La última película del inclasificable director francés Jean-Pierre Jeunet, que logró popularidad y éxito internacionales con Amélie, vuelve a contar con la actriz Audrey Tatou como protagonista, en este caso de una adaptación de la novela de Sébastien Japrisot.
Al finalizar la I Guerra Mundial, la joven Mathilde recibe la noticia de que su prometido Manech ha sido sometido a consejo de guerra por automutilación, y enviado a la tierra de nadie que hay entre las trincheras francesas y alemanas, destinado a una muerte casi segura. Mathilde, que no está dispuesta a aceptar que haya perdido a su amado, emprende su búsqueda incansable contra toda esperanza.
Como ya ocurriera en Amélie, la película renuncia a los grandes principios e ideales a favor de un inmanentismo mágico y una antropología de mínimos. Es una obra singular, que imprime una mirada poética y humorística sobre unos acontecimientos terribles y desoladores, mostrados a veces, en lo que se refiere a sexo y violencia, con excesiva crudeza visual y verbal.

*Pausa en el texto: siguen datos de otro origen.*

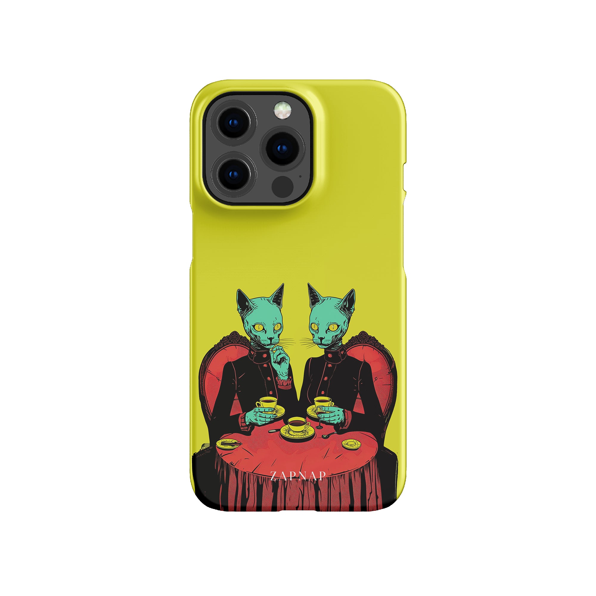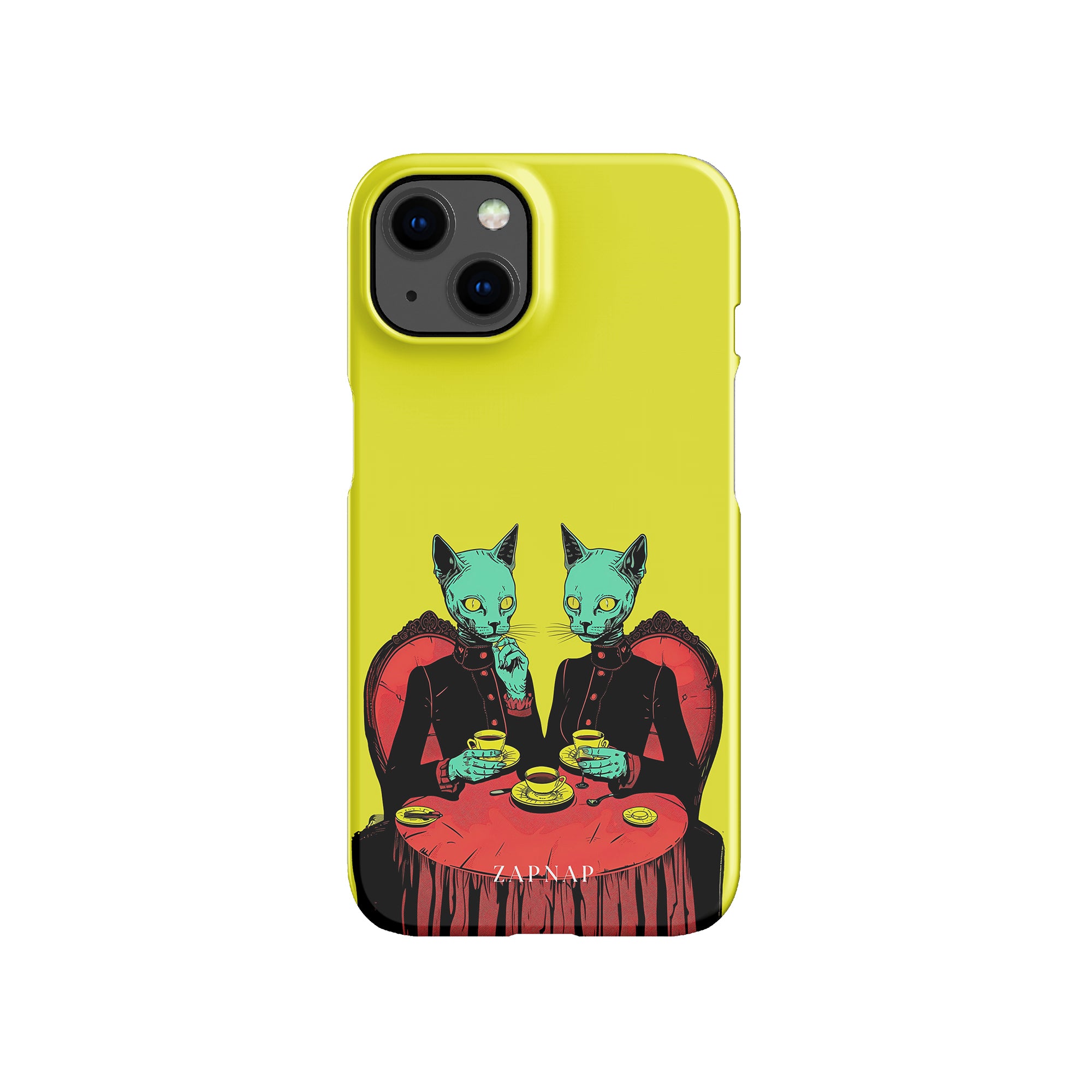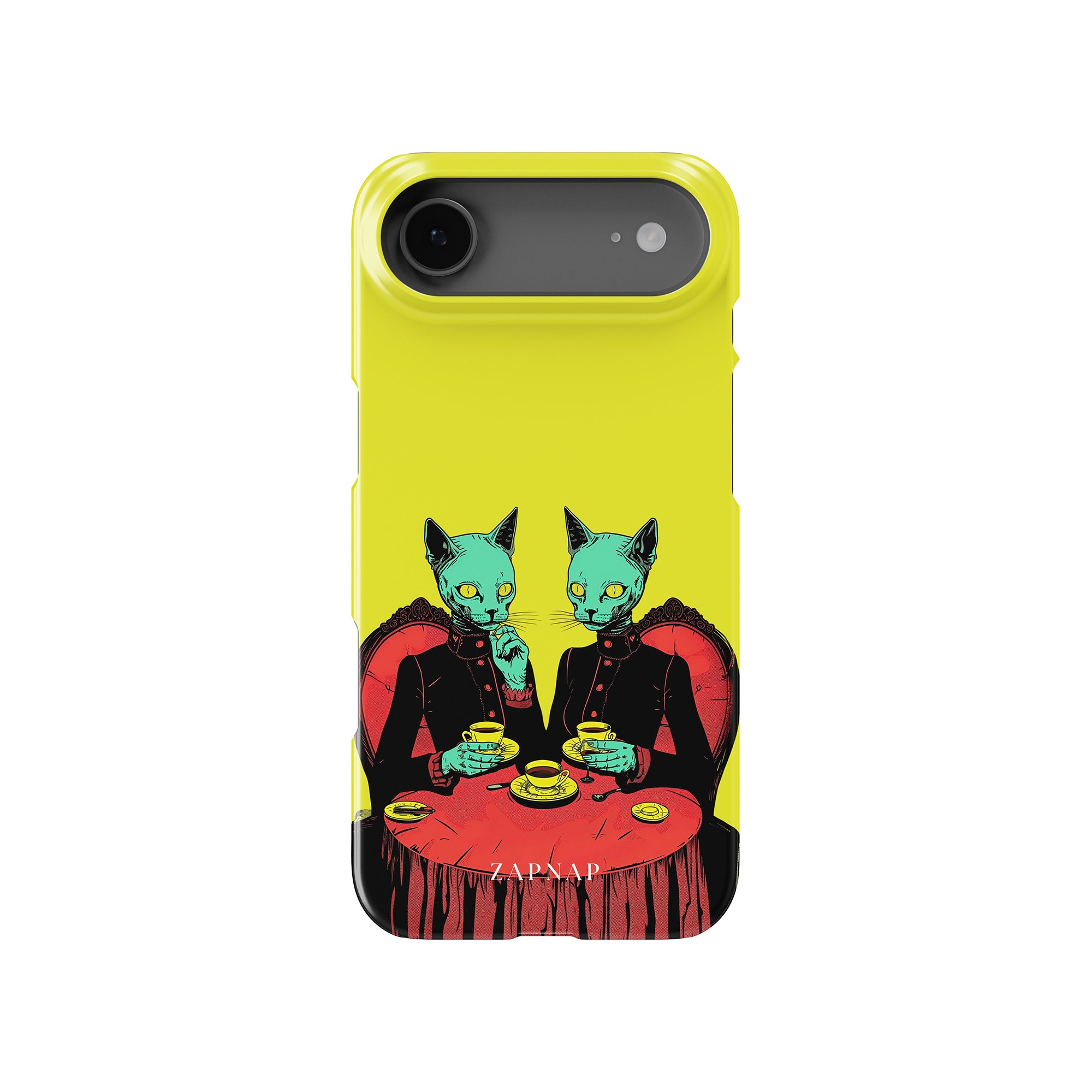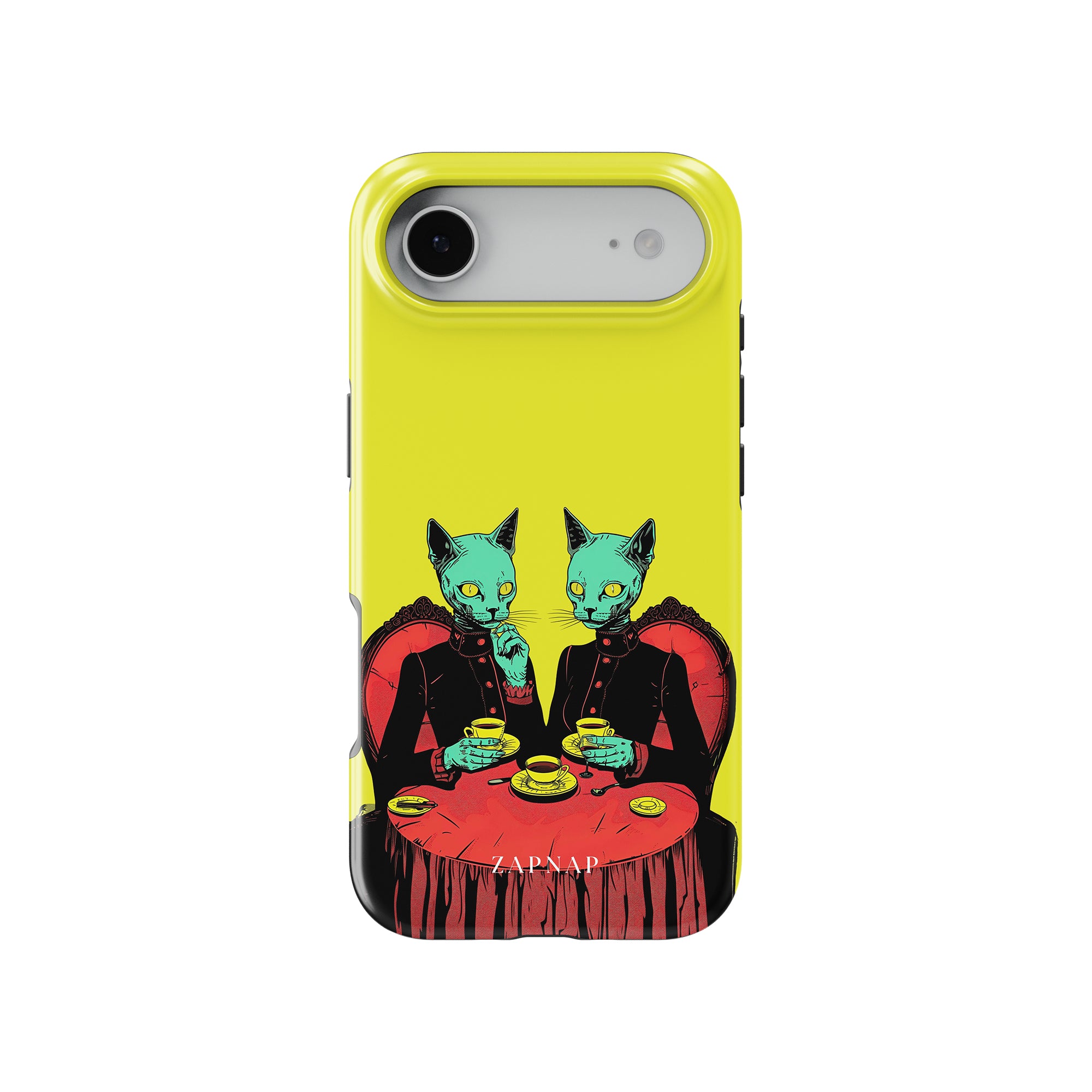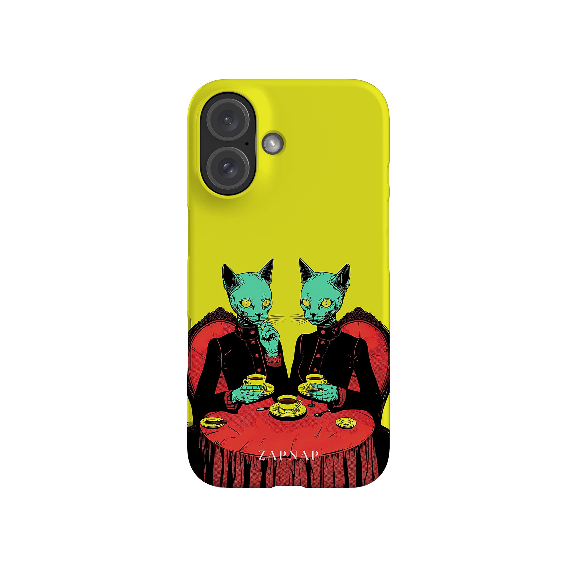Feline Noir toont twee gotische katten met een opvallende groene tint, zittend aan een rijkelijk versierde tafel, genietend van hun thee. De levendig gele achtergrond contrasteert scherp met de dieprode en zwarte elementen, waardoor een intens, buitenaards tafereel ontstaat. Dit kunstwerk combineert op meesterlijke wijze elegantie met het bizarre, waardoor het een boeiend stuk is voor degenen die donkere, surrealistische esthetiek waarderen.

La atmósfera es propia de un cuento, los personajes son de fábula, y el amor de la protagonista es épico. Sin embargo, nada hay solemne ni retórico en el film; al contrario, la película es una miniatura naïf, un canto a lo insignificante, a lo imperceptible, a lo extremadamente concreto. Al cóctel de actores habituales en el cine de Jeunet, como Pinon o Dussolier, se añade la norteamericana Jodie Foster.